* **Problem to solve**
Leave out every picture, and output exactly the lines from the line containing "Download or print" through the last line of the data.
*** Opening of Record set ***
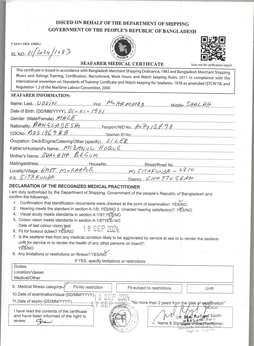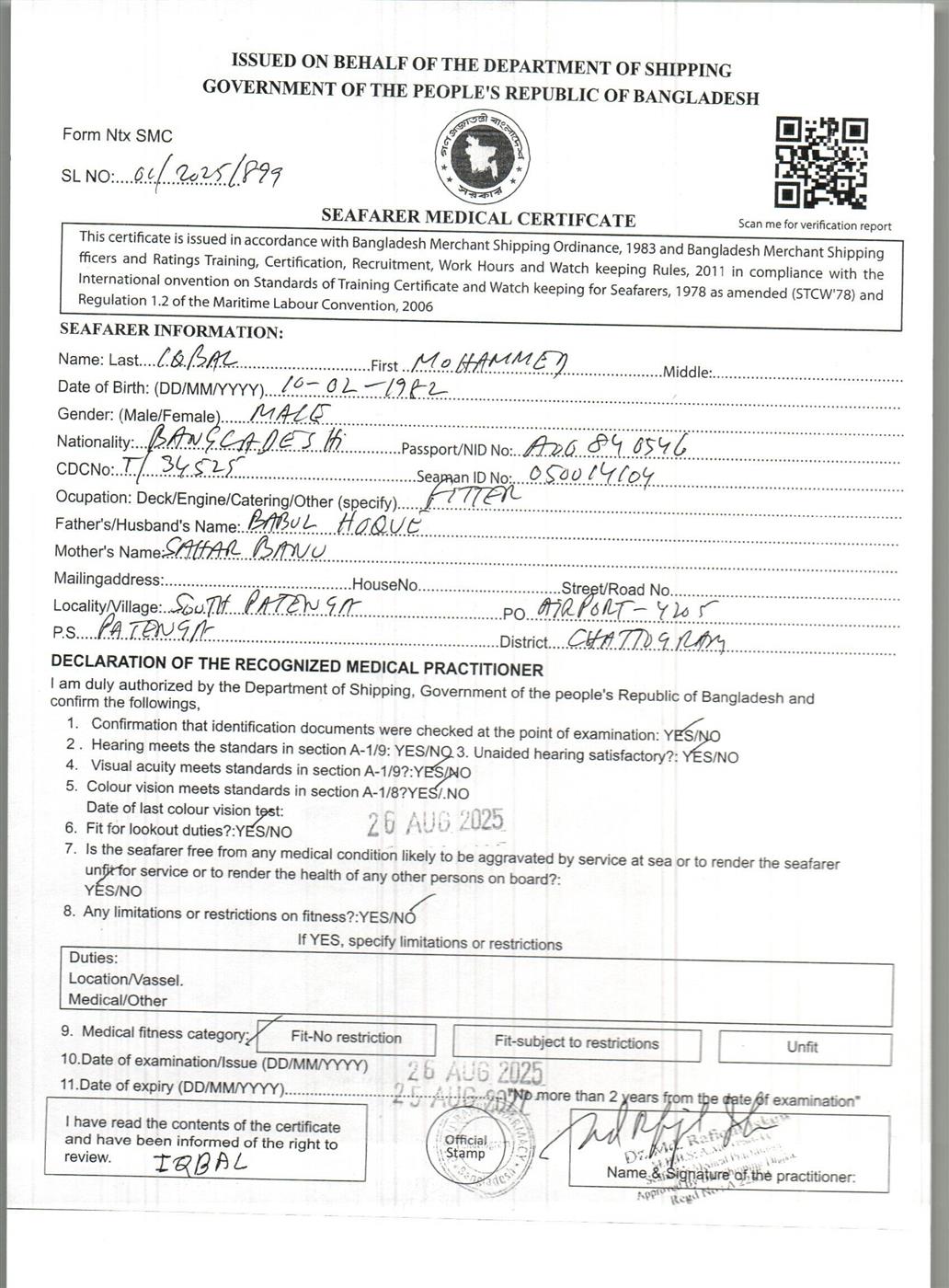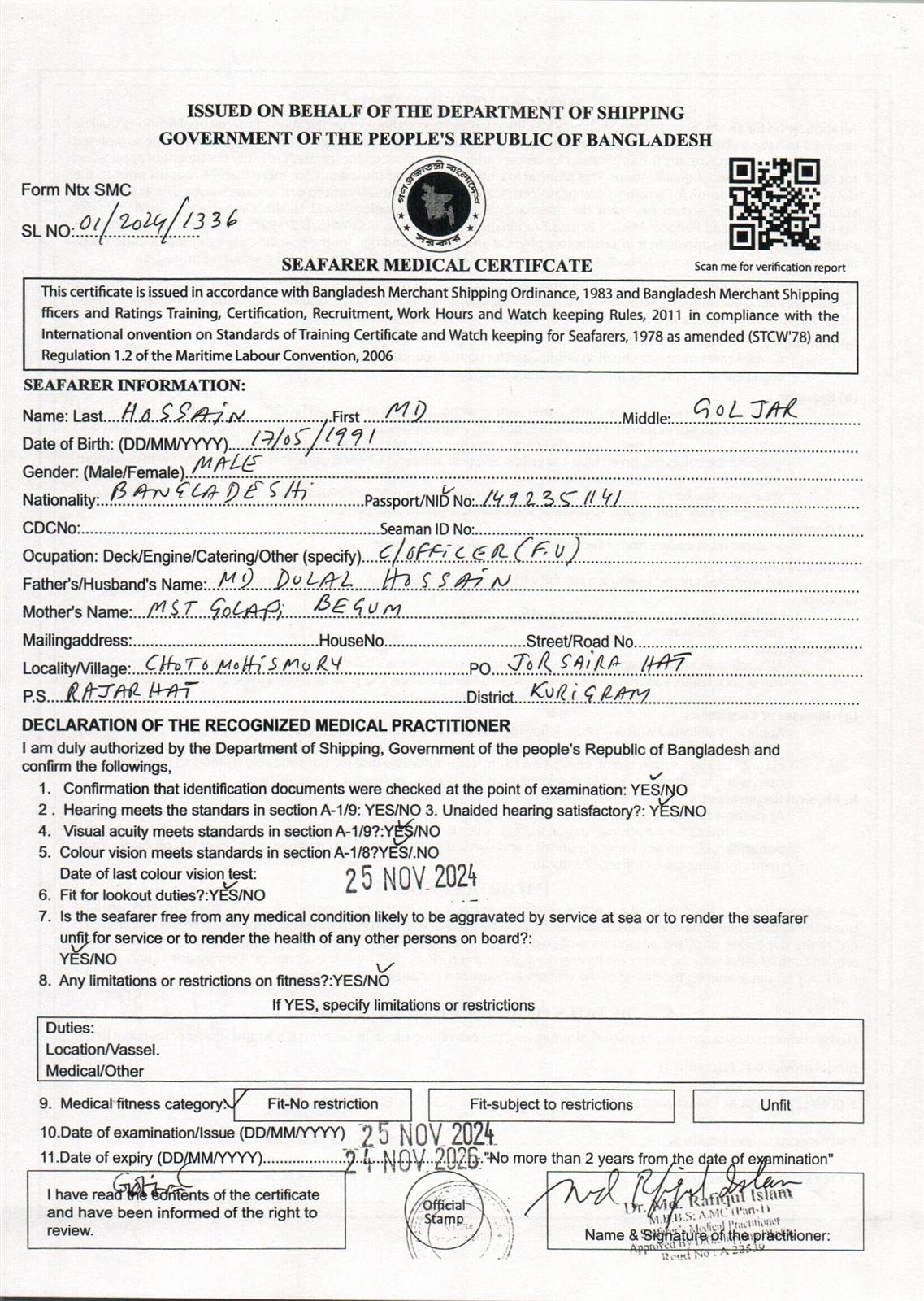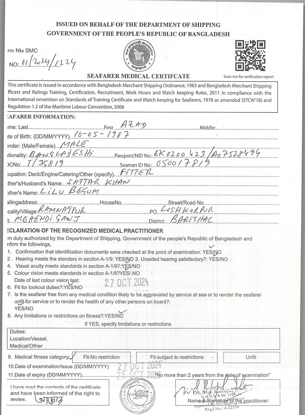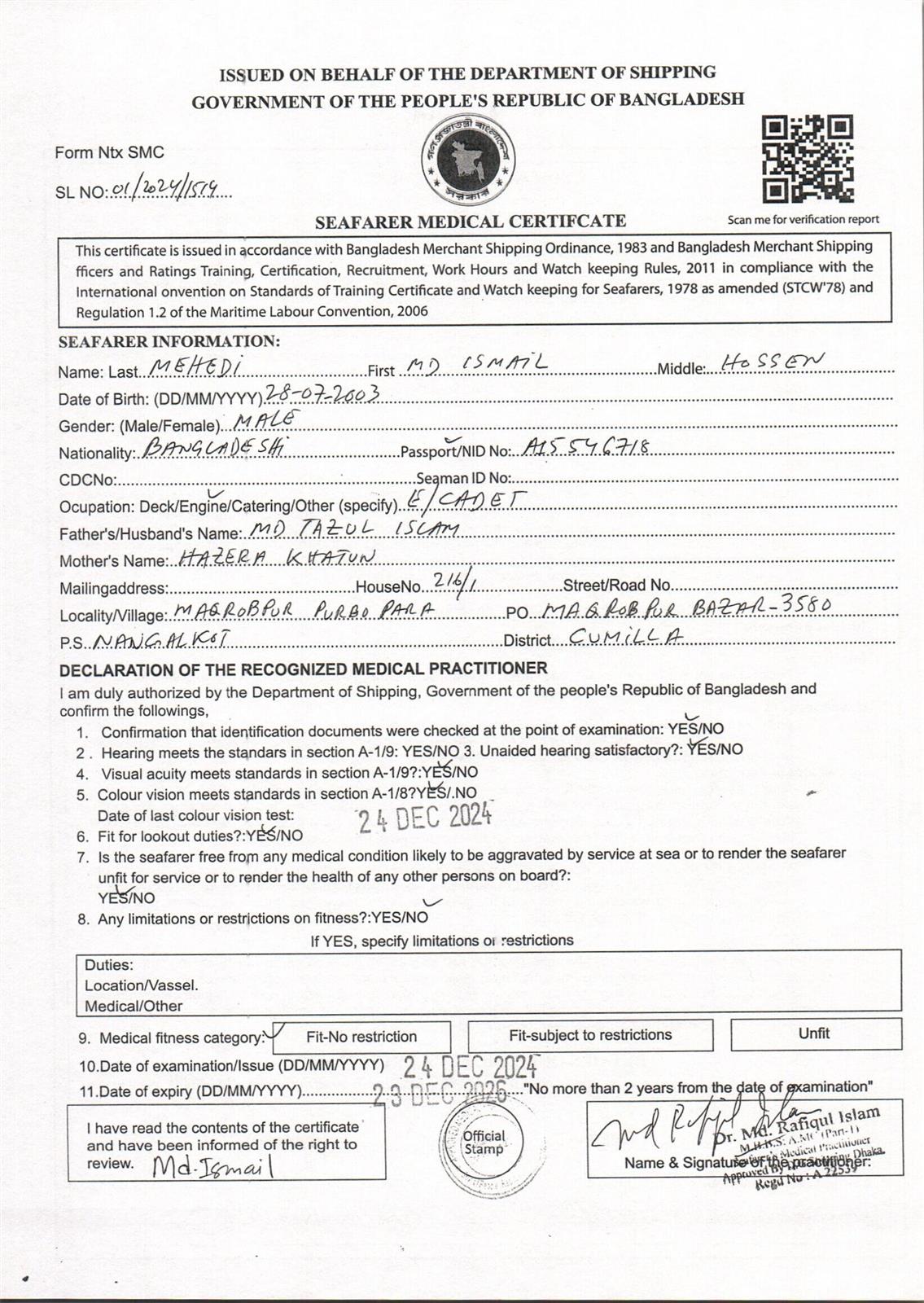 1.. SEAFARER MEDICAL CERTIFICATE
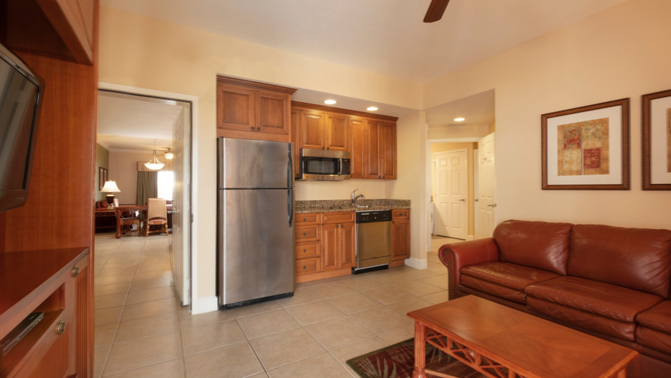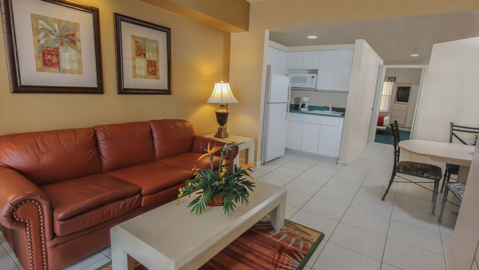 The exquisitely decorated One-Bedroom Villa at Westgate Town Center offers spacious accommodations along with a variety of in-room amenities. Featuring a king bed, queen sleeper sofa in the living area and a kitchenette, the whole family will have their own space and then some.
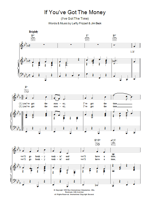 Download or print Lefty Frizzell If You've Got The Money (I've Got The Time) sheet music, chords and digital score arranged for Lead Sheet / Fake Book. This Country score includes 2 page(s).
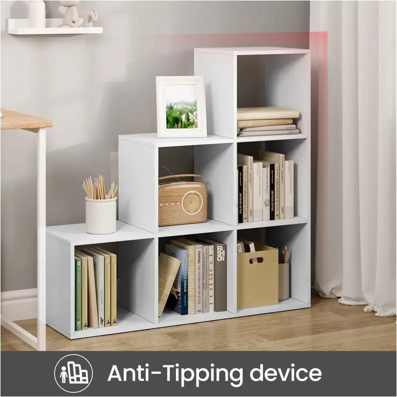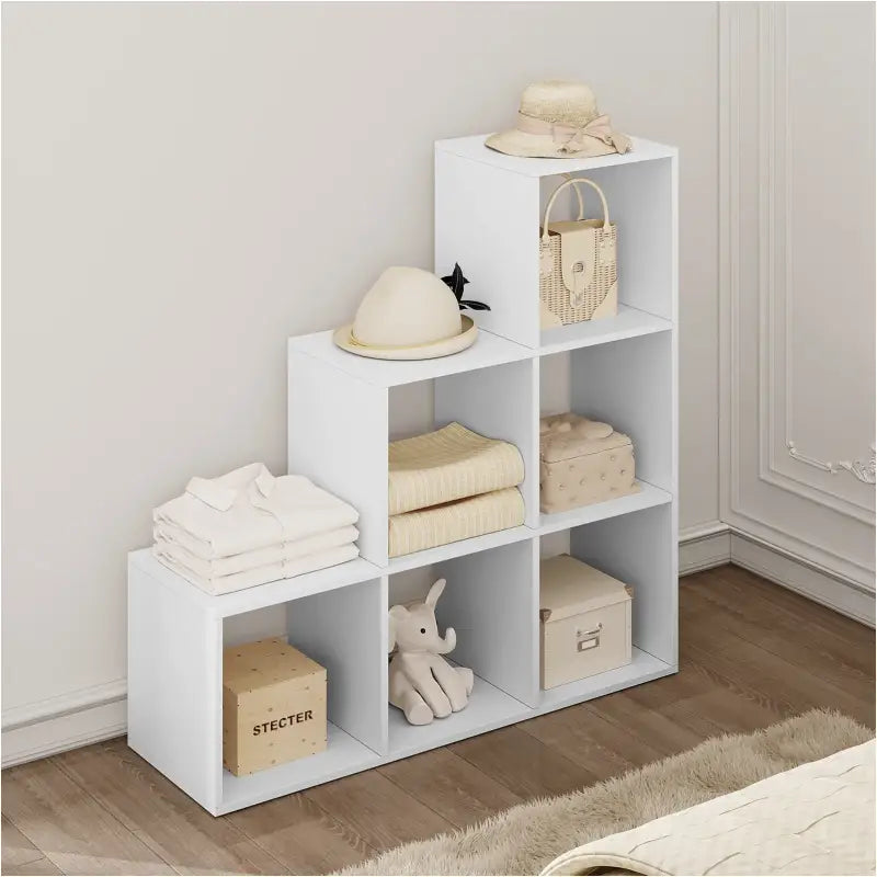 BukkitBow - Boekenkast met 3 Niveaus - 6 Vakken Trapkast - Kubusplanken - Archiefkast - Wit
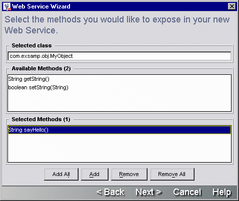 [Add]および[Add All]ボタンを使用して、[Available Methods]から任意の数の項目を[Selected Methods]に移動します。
*** Close of Record set ***
* **Output**
 Download or print Lefty Frizzell If You've Got The Money (I've Got The Time) sheet music, chords and digital score arranged for Lead Sheet / Fake Book. This Country score includes 2 page(s).
 BukkitBow - Boekenkast met 3 Niveaus - 6 Vakken Trapkast - Kubusplanken - Archiefkast - Wit
 [Add]および[Add All]ボタンを使用して、[Available Methods]から任意の数の項目を[Selected Methods]に移動します。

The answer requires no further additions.